Do you need "any" sorting algorithm, or an "efficient" sorting algorithm?
For simplicity, I can show you how to implement an easy, but not efficient, sorting algorithm.
It's the double for method!!
Then, with the same ideas, you can modify it to any other efficient algorithm (like shell, or quicksort).
For numbers, you could put arrays ir order, as follows (as you probably know):
int intcmp(int a, int b) {
return (a < b)? -1: ((a > b)? +1: 0);
}
int main(void) {
int a[5] = {3, 4, 22, -13, 9};
for (int i = 0; i < 5; i++) {
for (int j = i+1; j < 5; j++)
if (intcmp(a[i], a[j]) > 0) {
int temp = a[i];
a[i] = a[j];
a[j] = temp;
}
printf("%d ", a[i]);
}
}
The only thing that has changed now is that you have strings intead integers.
So, you have to consider an array of strings:
char *a[] = {"Florida", "Oregon", "Califoria", "Georgia"};
Then, you have to change the type of temp to char*,
and finally you put the function strcmp() instead of intcmp().
The function strcmp(s1, s2) (from < string.h >)
returns a number < 0 if s1 is a string "less than" s2, == 0 if s1 is
"equal to" s2, and > 1 else.
The program looks like this:
#include <stdio.h>
#include <string.h>
int main(void) {
char *a[] = {"Florida", "Oregon", "Califoria", "Georgia"};
for (int i = 0; i < 4; i++) {
for (int j = i+1; j < 4; j++)
if (strcmp(a[i], a[j]) > 0) {
char* temp = a[i];
a[i] = a[j];
a[j] = temp;
}
printf("%s ", a[i]);
}
getchar();
return 0;
}
Note that for the printf() sentence, we have changed "%d " by "%s ", in order to properly show strings.
Final comment: When you program a better algorithm, like quick-sort, it is enough that you change the comparisson function, because the algorithm it is the same, in despite of the type of data you are comparing.
Remark: I have used a "tricky" method.
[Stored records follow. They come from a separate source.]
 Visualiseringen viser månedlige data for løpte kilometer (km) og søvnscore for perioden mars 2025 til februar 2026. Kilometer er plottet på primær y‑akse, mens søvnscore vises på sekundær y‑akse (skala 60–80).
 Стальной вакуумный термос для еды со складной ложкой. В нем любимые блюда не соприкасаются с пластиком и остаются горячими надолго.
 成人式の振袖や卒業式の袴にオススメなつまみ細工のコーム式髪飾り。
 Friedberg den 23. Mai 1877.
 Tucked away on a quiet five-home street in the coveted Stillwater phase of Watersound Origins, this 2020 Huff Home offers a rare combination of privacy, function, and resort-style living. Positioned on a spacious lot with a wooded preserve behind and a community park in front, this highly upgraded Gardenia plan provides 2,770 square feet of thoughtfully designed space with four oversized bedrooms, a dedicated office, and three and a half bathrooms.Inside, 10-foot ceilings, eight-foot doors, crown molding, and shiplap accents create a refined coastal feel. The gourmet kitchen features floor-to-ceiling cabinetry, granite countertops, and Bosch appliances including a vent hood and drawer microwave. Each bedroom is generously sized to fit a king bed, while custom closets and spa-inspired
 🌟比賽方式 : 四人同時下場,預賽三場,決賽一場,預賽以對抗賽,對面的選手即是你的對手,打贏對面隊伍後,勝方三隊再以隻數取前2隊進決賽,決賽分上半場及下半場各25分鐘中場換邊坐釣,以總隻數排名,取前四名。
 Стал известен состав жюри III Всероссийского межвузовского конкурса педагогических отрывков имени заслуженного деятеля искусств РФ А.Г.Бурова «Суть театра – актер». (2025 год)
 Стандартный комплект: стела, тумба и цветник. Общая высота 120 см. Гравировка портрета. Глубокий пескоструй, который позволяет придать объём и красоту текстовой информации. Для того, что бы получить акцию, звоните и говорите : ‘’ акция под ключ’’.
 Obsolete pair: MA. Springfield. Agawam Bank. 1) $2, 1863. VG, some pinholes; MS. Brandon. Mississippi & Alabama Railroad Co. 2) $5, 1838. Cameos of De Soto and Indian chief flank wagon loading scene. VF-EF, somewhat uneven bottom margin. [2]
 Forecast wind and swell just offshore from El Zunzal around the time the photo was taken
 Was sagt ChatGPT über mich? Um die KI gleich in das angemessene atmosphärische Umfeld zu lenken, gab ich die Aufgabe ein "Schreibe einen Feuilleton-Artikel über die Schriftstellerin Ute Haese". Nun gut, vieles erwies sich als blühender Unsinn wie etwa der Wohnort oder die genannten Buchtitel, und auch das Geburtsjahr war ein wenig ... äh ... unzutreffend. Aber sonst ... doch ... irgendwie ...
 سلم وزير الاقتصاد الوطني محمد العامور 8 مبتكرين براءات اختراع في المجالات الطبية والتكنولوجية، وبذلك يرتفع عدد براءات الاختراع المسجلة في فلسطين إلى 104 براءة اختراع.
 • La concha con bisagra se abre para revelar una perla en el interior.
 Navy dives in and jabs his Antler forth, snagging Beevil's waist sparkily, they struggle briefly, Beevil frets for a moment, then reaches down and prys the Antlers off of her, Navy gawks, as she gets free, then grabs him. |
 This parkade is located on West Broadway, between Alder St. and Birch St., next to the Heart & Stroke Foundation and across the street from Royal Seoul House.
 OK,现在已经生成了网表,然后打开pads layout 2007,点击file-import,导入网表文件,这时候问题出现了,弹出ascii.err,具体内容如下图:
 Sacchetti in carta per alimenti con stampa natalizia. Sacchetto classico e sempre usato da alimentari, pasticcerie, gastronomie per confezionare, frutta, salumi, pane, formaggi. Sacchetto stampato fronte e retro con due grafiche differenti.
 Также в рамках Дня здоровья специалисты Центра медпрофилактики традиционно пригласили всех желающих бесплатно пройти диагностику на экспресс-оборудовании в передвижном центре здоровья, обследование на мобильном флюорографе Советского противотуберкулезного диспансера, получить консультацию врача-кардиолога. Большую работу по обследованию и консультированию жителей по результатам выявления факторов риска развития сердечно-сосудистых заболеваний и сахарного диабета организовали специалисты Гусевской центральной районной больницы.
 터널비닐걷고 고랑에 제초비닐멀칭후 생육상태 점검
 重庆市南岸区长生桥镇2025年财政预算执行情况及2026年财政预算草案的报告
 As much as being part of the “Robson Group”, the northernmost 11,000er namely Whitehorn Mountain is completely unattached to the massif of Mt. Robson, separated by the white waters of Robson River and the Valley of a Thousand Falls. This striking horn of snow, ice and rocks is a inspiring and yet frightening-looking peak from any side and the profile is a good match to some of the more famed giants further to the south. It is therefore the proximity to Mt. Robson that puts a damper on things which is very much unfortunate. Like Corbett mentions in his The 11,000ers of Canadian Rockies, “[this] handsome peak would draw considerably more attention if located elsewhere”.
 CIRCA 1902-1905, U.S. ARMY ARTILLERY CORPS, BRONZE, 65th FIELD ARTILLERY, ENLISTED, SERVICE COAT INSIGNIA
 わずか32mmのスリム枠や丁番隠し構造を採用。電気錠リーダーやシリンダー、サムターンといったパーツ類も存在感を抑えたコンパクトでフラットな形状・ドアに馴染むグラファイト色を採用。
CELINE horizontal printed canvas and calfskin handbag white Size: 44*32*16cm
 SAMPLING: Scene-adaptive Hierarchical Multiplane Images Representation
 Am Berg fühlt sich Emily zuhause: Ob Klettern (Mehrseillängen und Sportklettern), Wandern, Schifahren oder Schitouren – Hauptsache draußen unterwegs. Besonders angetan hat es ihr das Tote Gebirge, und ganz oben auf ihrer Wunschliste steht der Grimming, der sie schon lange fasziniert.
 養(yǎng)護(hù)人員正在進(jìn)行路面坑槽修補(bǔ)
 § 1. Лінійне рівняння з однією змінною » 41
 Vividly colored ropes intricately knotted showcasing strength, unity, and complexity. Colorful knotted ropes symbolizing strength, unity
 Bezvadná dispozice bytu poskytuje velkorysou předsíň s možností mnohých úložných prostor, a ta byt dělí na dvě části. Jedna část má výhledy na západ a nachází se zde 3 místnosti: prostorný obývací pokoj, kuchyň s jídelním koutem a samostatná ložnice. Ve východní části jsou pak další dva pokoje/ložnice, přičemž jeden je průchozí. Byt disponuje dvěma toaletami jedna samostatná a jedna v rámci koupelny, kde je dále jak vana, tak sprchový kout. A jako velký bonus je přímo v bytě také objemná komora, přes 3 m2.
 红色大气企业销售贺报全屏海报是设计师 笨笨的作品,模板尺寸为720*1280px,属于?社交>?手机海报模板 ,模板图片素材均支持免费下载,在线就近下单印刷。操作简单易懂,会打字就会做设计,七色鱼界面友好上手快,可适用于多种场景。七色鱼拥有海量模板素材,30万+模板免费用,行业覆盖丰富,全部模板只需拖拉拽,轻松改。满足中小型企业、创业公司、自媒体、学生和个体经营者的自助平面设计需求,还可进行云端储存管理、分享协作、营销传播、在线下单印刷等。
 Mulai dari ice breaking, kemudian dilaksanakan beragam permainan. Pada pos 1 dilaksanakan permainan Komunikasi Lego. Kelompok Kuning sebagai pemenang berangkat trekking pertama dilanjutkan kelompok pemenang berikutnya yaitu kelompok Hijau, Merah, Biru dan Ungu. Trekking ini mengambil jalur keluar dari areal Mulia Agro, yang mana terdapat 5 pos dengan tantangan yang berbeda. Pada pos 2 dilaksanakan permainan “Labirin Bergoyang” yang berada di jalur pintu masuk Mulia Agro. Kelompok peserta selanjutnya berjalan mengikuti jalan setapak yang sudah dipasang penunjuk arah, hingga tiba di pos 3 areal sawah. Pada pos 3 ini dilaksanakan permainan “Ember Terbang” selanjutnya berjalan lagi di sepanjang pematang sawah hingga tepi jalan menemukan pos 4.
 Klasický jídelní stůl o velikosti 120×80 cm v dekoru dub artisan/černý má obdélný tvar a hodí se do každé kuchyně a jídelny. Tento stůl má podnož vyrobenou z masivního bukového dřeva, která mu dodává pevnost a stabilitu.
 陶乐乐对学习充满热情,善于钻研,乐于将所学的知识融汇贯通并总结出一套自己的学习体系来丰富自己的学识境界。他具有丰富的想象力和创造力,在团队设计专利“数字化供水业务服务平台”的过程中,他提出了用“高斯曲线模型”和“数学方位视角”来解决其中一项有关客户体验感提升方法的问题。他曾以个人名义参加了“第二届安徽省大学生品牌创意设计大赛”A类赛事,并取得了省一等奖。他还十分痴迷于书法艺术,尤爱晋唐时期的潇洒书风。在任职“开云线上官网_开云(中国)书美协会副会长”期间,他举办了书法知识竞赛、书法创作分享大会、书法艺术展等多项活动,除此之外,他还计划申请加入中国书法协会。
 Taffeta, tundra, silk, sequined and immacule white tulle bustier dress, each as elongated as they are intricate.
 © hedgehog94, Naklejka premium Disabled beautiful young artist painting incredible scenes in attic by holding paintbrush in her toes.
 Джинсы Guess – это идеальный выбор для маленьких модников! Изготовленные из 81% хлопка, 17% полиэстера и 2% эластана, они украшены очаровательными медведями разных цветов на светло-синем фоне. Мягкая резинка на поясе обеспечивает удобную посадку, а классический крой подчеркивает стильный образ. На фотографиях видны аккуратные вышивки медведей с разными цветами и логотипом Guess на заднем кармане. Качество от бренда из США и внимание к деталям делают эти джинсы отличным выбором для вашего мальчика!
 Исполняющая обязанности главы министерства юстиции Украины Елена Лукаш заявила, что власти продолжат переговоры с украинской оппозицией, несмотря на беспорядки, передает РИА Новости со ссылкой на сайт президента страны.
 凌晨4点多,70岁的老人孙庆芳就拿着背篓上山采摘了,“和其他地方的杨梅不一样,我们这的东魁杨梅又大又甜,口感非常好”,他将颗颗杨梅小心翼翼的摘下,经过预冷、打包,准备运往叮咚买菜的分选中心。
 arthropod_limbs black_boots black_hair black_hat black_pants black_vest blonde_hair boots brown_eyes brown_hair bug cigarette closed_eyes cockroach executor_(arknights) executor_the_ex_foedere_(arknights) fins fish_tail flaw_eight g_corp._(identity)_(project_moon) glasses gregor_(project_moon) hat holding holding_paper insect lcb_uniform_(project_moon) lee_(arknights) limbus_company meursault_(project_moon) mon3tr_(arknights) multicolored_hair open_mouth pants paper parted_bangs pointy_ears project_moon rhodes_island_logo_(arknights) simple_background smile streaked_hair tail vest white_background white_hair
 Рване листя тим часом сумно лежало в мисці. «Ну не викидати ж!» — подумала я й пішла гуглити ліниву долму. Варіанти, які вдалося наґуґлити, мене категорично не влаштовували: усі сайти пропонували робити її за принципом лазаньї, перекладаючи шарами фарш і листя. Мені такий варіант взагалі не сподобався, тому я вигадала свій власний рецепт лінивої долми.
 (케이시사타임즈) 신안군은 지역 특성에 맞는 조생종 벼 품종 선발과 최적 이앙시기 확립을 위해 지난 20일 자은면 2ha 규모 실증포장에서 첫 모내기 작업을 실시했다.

As you can see, I have defined the variable a as a pointer to string. The initializer has taken a constant array of strings and then initialized the variable a with it. The variable a now can be safely treated and indexed as an array of exactly 4 pointer-to-strings.
That is the reason why the "swap" works fine in the double-for algorithm: The memory addresses are swapped instead the entire strings.
Steps you likely should take:
Populate array with state names
Create method to swap two states in place in the array
At this point you have all the tools necessary to use strcmp to implement any sorting algorithm you choose
Most sorting methods rely on two things.
Being able to rearrange a list (i.e. swap)
Being able to compare items in list to see if they should be swapped
I would work on getting those two things working correctly and the rest should just be learning a particular sorting algorithm
Beware of a little headaching problem: Strings are sorted by ascii numeric representations, so if you sort alphabetically like this, any capital letter will come before a lowercase letter e.g. "alpha", "beta", "gamma", "Theta" will be sorted as:
Theta, alpha, beta, gamma
When it comes to the sample array you have listed here the simple algorithm mentioned earlier might actually be the most efficient. The algorithm I'm referring to is the one where you start with the first element and then compare it to the others and substitute with the smallest you find and then going to the next element to do the same only dont compare it to the already sorted elements.
While this algorithm has an execution time of O(n^2). Where n is the number of elements in the array. It will usually be faster than something like quick sort (execution time O(n*log(n)) for smaller arrays. The reason being that quick sort has more overhead. For larger arrays quick sort will serve you better than the other method, which if memory serves me right is called substitution sort although I see it mentioned as "double for" in a different answer.